Hearn denied the allegations. He admitted he stopped at the pool during a bike ride, reached inside and touched a section of lining that was already peeling away, but that he did not remove or damage it. He told The Associated Press he let go when a park employee told him to stop.
Hearn’s lawyers argue the prosecution is an attempt by the Trump administration to deflect attention from what they describe as a botched renovation project.
“This indictment reflects the administration’s effort to shift blame for their own failures,” they said in a statement. “The justice system exists to determine facts, not to provide political cover.”
The 620-metre (2,030-foot) reflecting pool reopened in June after Trump ordered the new liner to be installed across the bottom.

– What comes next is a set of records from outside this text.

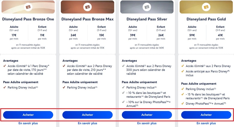 Desde el 12 de febrero de 2026, en Disneyland Paris existen cuatro tipos de Disneyland Pass: Bronze One, Bronze Max, Silver y Gold. El cambio principal es el desdoblamiento de la categoría Bronze, que ahora permite elegir entre un precio más ajustado (Bronze One) o una mayor flexibilidad (Bronze Max).
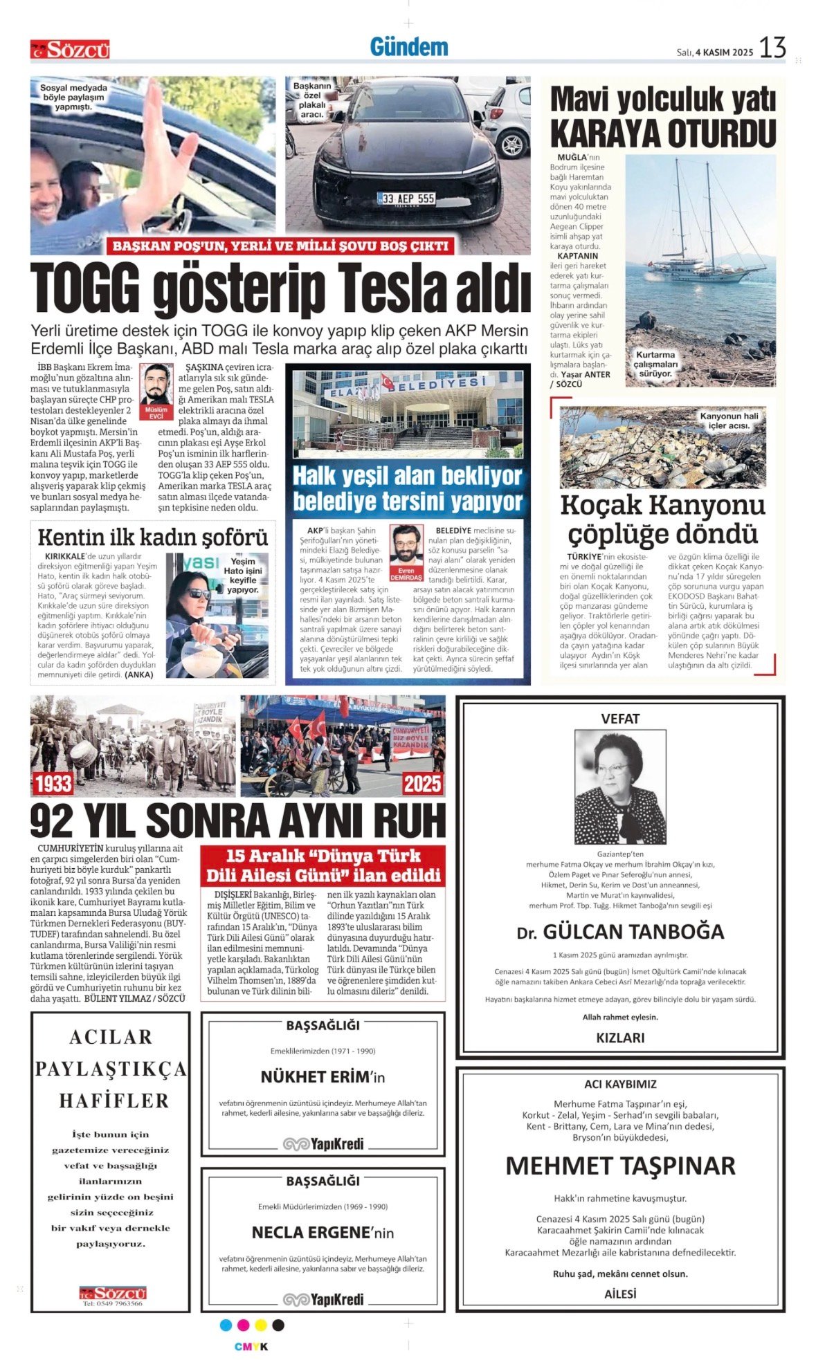 Sözcü Bugünkü Vefat İlan- Başsağlığı İlanı- Anma İlanları ve Arşiv Sayfalar. 4.11.2025
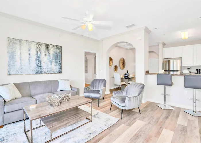 Experience ultimate comfort in 3Br Condo - Games Sauna - Near Disney villa's kitchen, supplied with coffee and tea making facilities, a fridge, and glassware. Church Street train station is also situated 80 minutes away by car.
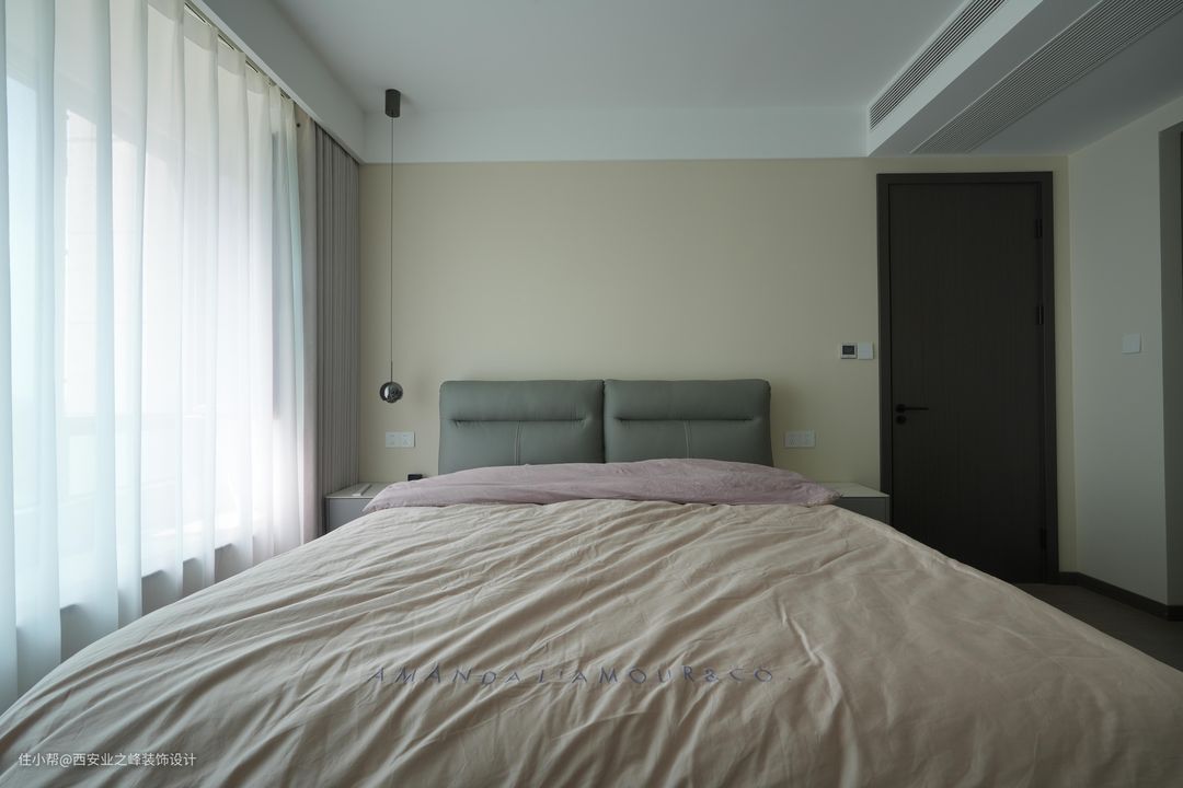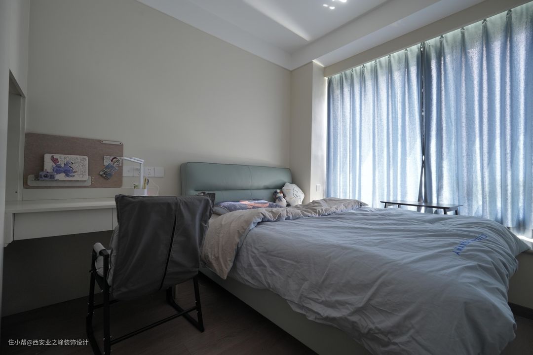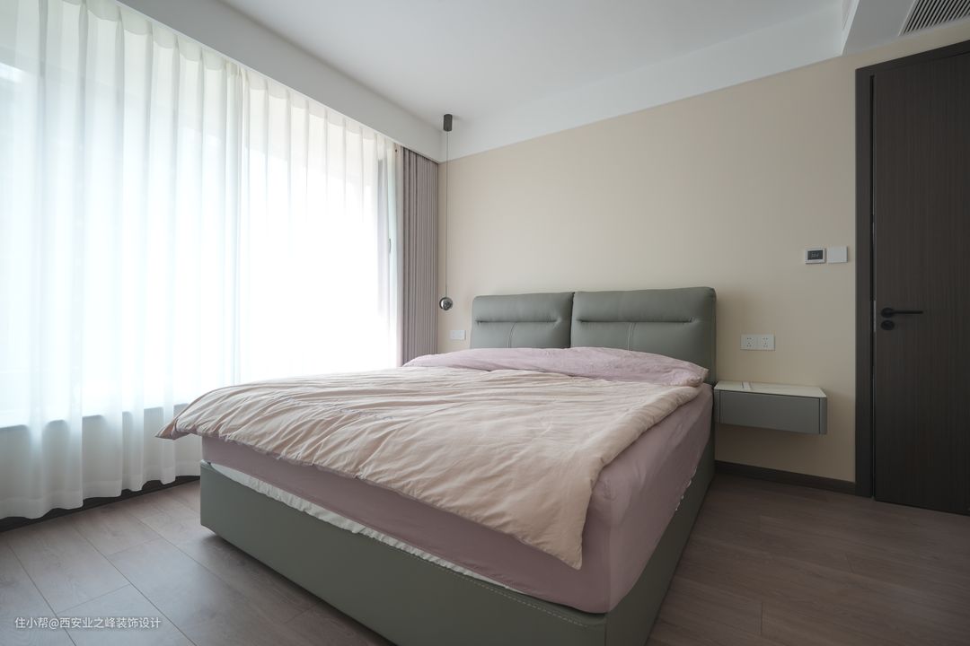卧室更加注重舒适性和私密性。我们用的木地板作为地面材料,看起来温暖舒适,而且有跟好的隔音效果。墙面用了中性色调,搭配简约的床品,营造一个宁静的休息空间。床头背景墙的设计简单精致,增加层次感。

He said he was compelled to go ahead with the $14.7m renovation after a friend visiting from Germany called the pool dark and disgusting.
But within days, algae began to spread across the surface, the water turned chartreuse green, and sections of the liner began peeling away.
Experts have explained that the dark new coat of paint at the bottom of the pool would elevate the temperature and allow algae to grow, and that algae blooms in water are common at this time of year, especially in shallow, stagnant water like that of the pool.
Trump blamed the issues on vandals, claiming without evidence that “corrosive and destructive chemicals” were poured into the pool and that vandals “took some form of knife or blade” and put a long “gash into the beautiful facade”, although no one has been charged over those alleged acts.
The US president warned that anyone who allegedly damaged the pool could face long prison terms. “Please remember that there is a 10 year prison sentence for the destruction, or even the attempted destruction, of such things — Which will be fully enforced!” he wrote on Truth Social.
Last week, US Attorney for the District of Columbia Jeanine Pirro announced the indictment against Hearn, accusing him of intentionally damaging the liner.
The US Department of the Interior has said that at least six people were arrested on suspicion of vandalising the pool in the weeks after it reopened. National Guard troops and US Park Police were deployed to protect the site, which was fenced off during July 4 celebrations.
Thursday’s hearing drew a packed courtroom, with dozens of supporters waiting outside after Hearn entered his plea.
The reflecting pool’s problems have continued, with Trump acknowledging it will need to be drained again so the damaged liner can be repaired.